# Imports and settings

### Microbiome-based Obesity Analysis <br> Statistical Association and Predictive Modeling

In this notebook, we analyze gut microbiome data in order to study the relationship between bacterial taxa and obesity.

The goals of this analysis are twofold:
1. **Statistical association**: identify bacterial taxa whose abundances differ significantly between lean and obese individuals.
2. **Predictive modeling**: evaluate whether gut microbiome composition can be used to predict obesity status.

The dataset was obtained from the *LeChatelierE_2013* study via the curatedMetagenomicData framework.  
Initial data acquisition, filtering, and preprocessing were performed in a separate notebook and are summarized below.
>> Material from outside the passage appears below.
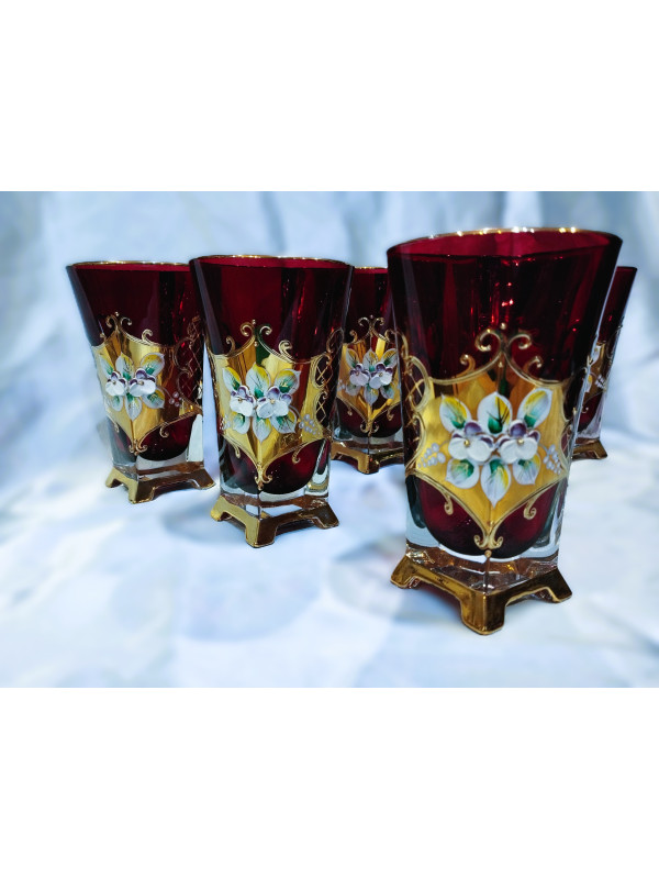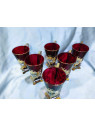 Tazas de té rojas ricamente decoradas con una capacidad de 175 ml. Decoradas a mano con esmalte y oro. El juego incluye seis tazas. No aptas para lavavajillas.

Our Final Research Question: <br>Which gut bacterial taxa are associated with obesity (BMI â‰¥ 30 vs BMI â‰¤ 25), and how well can gut microbiome composition predict obesity status?


In [None]:
import numpy as np
import MIPMLP
import pandas as pd
import seaborn as sns
import matplotlib.pyplot as plt
from MIPMLP import preprocess

from scipy.stats import mannwhitneyu
from statsmodels.stats.multitest import multipletests

from sklearn.model_selection import StratifiedKFold, train_test_split
from sklearn.preprocessing import StandardScaler
from sklearn.pipeline import Pipeline
from sklearn.linear_model import LogisticRegression
from sklearn.metrics import (
    confusion_matrix, classification_report,
    roc_auc_score, roc_curve, auc
)

# Set visual style
sns.set_theme(style="whitegrid", palette="muted")
plt.rcParams['figure.figsize'] = (10, 6)
plt.rcParams['font.size'] = 12

ModuleNotFoundError: No module named 'MIPMLP'

# 1. Data Loading & The "Data Challenge"

In this section, we load the raw abundance data and metadata, then define our target groups (Lean vs. Obese). We also explore the unique challenges posed by microbiome data.

In [None]:
# Load Metadata and Abundance data
meta_raw = pd.read_csv('Data/Raw_LeChatelier_metadata.csv', index_col=0)
X_raw = pd.read_csv('Data/Raw_LeChatelier_relative_abundance.csv', index_col=0)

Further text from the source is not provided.